Apparently, there were a few girls riding around doing cool things during the American Revolution; Sybil Ludington was one of them. There’s a Quaker character in the book so that was also of interest. This book had some good insights into daily life at the time as well as the War. 

Susanna’s Midnight Ride

As the former Colonies struggle for freedom, the American Revolution is in the hands of a brave and resourceful teenage girl.

Boys

Boy Soldiers of the American Revolution

Between 1819 and 1845, as veterans of the Revolutionary War were filing applications to receive pensions for their service, the government was surprised to learn that many of the soldiers were not men, but boys, many of whom were under the age of sixteen, and some even as young as nine.

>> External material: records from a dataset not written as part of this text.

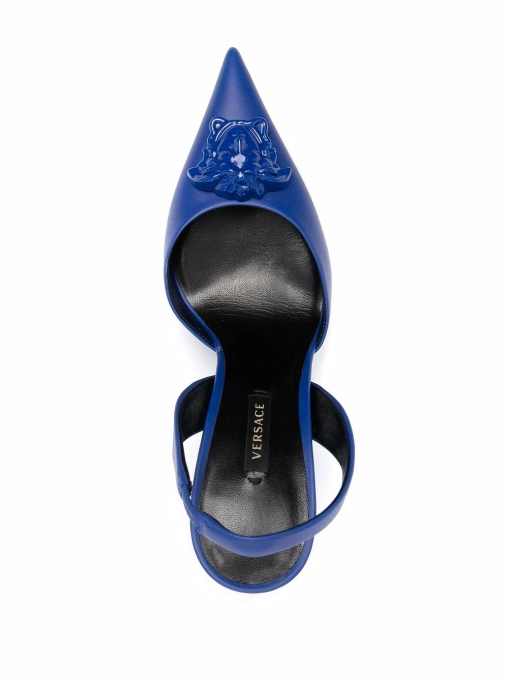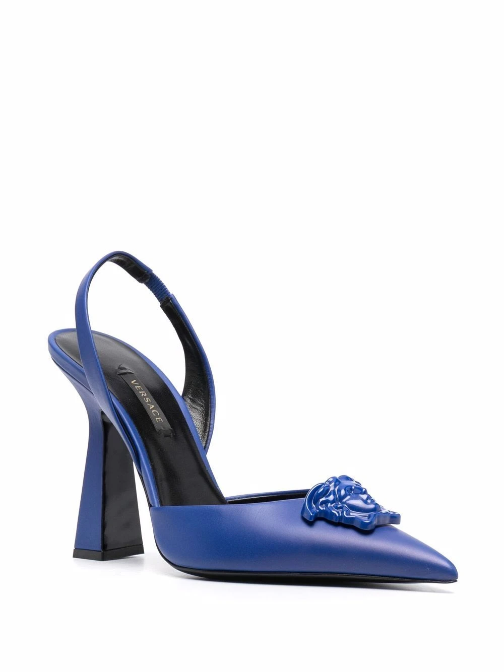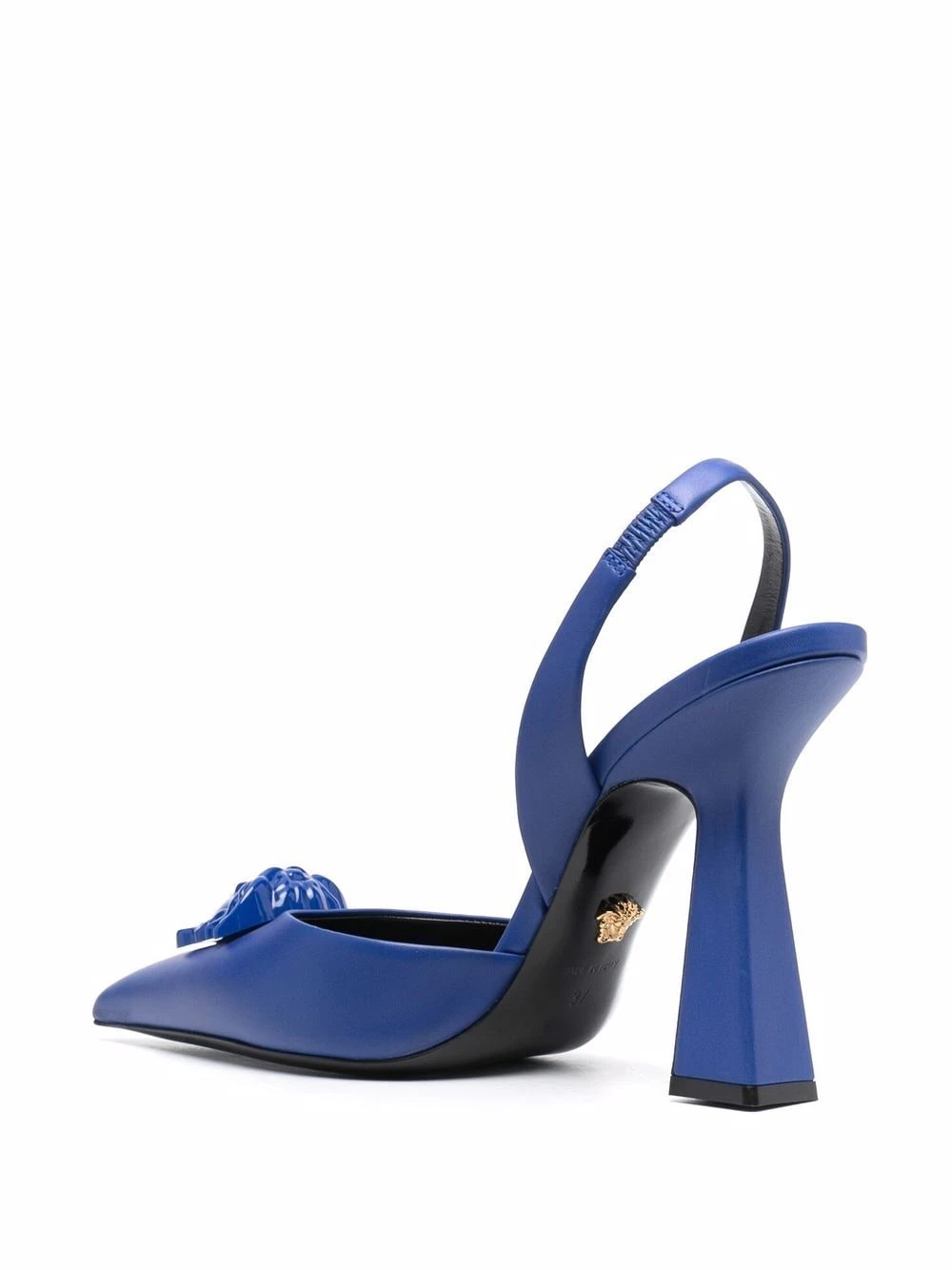 Motif Medusa, design ton sur ton, bout pointu, bride arrière élastique, semelle intérieure griffée, talon sculpté haut, semelle en cuir. Couleur : bleu. Matière : cuir de veau.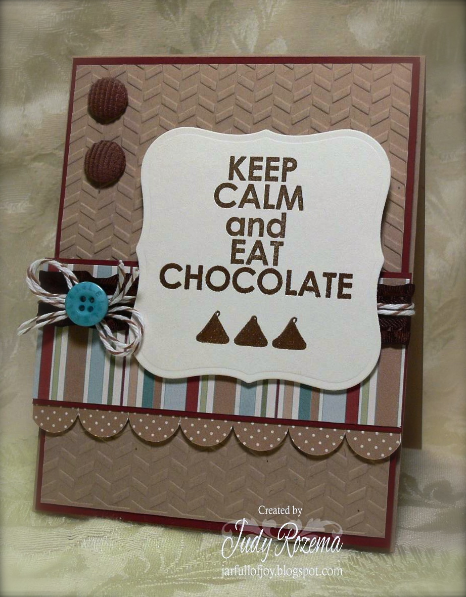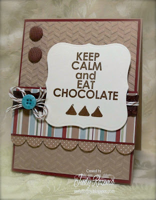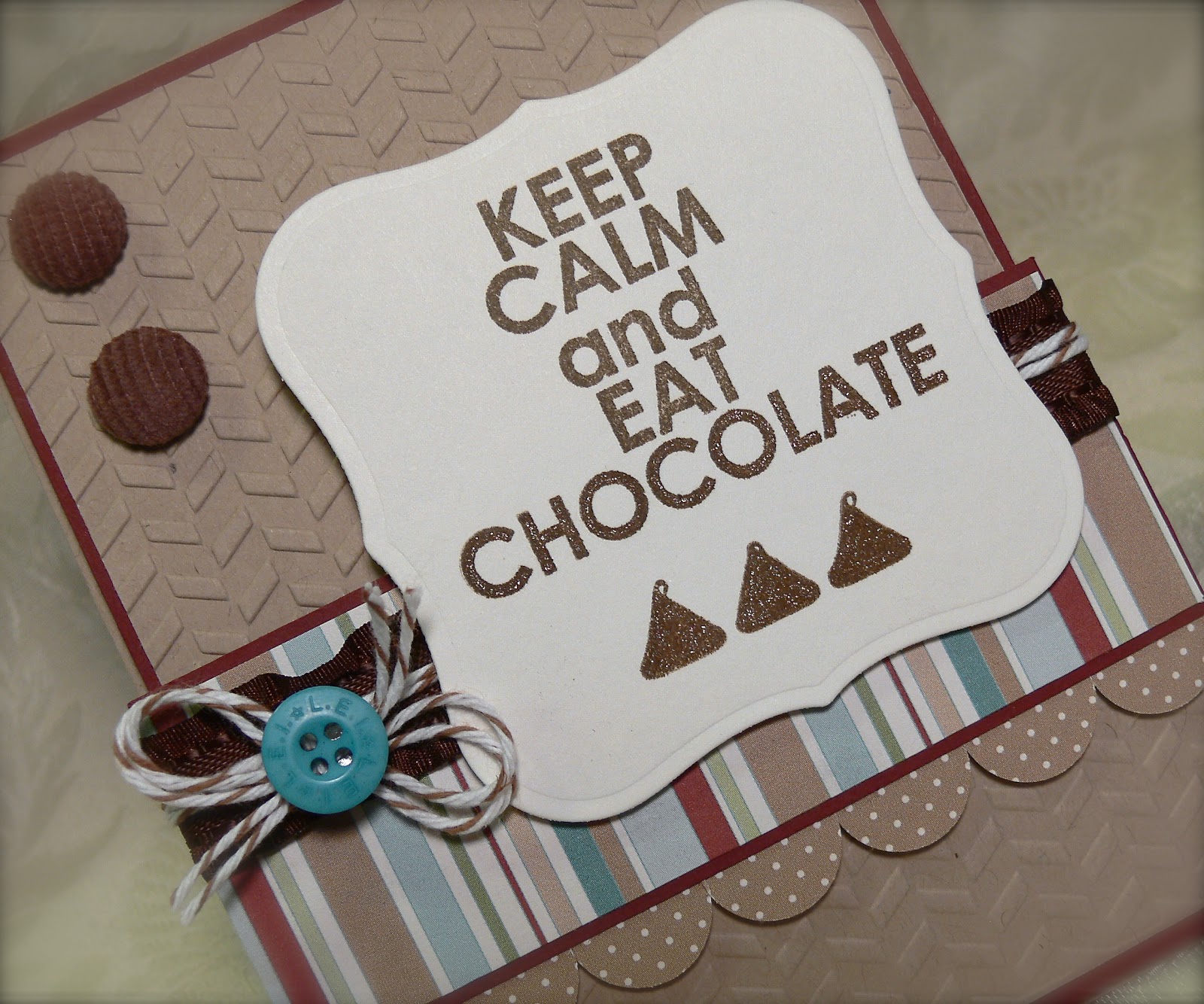My card is made with Technique Tuesday's Eat Chocolate stamp set. I stamped with Memento Rich Cocoa ink, and then added a little sparkle with my Chocolate Spica Glitter pen to the candy and the word "CHOCOLATE." I cut it out using my Spellbinders Label One dies. Click on the photo below to see a close-up of the sparkle!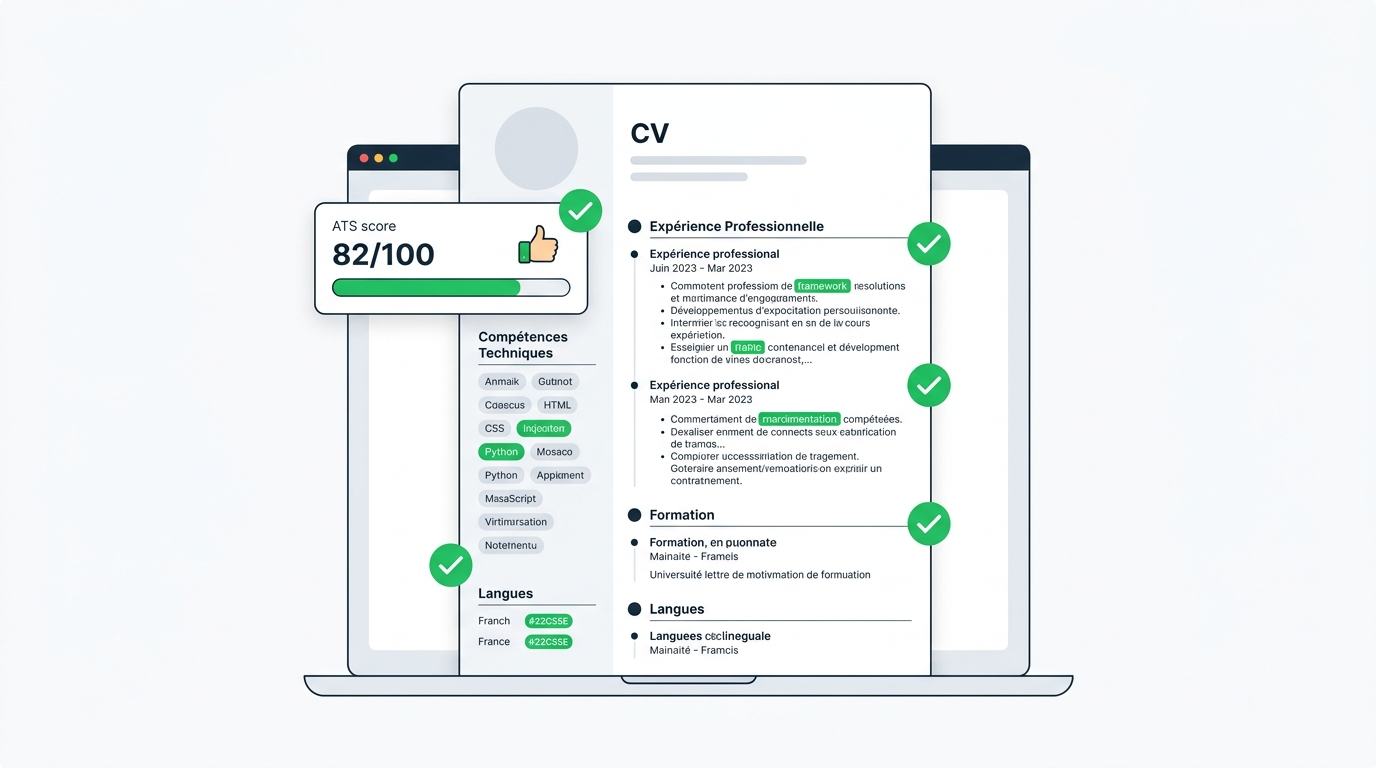 Vous pouvez analyser votre CV et votre lettre sur CVAdapt avant d'envoyer la moindre candidature. L'outil identifie les mots-clés manquants de l'offre, indique dans quelle section les placer, et calcule votre score en temps réel.
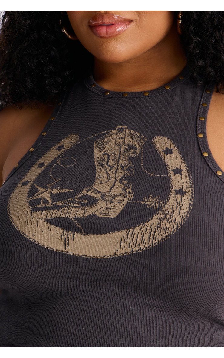 Відчуйте дух Дикого Заходу з цим стильним топом "Cowgirl Boots". Прикрашений шипами та виконаний з різьбленим візерунком, він додасть вашому образу автентичності. Виготовлений з м'якої, еластичної тканини, цей топ забезпечує чудову посадку. Додайте нотку ковбойського шарму до свого стилю!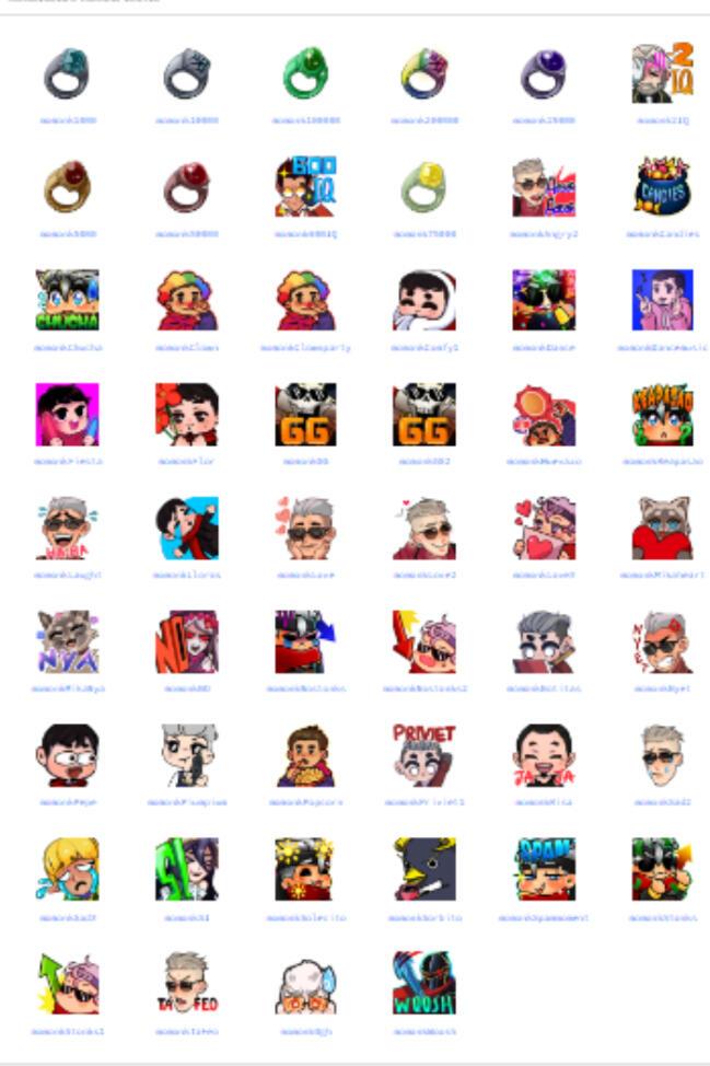 De igual forma, actualmente en el canal de Momonkunn se puede usar 43 emotes (algunos animados) los cuales están relacionados con el contenido del canal.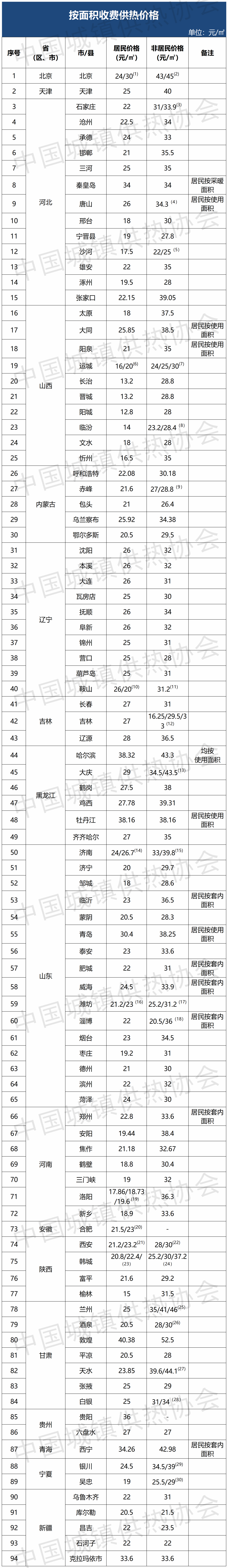 (29)銀川市非居民供熱價(jià)格:公建34.5元/㎡,商業(yè)39元/㎡。

This book is not just about the subject matter; it’s about the nature of history. The author, who I learned had died before completing the book, in writing about gleaning information from things such as pension records and diaries, says reminiscences from veterans and others “are, of course, burdened by the problems of the fallibility of human memory.” Thus, I liked that she began many sections where she tried to reconstruct stories of what had happened from snippets in diaries, or accounts of court decisions about pensions, with “perhaps it was like this…” There are a lot of tiny details that are fascinating as well Cox’s writing on how societies have viewed “childhood” at different points in history.

What books about the Revolution do you love? Drop a comment below!

Happy Independence Day, Kate

P.S. I had a wonderful time at the HNS NA conference! I will write more about my experience, and HNS in general, next month.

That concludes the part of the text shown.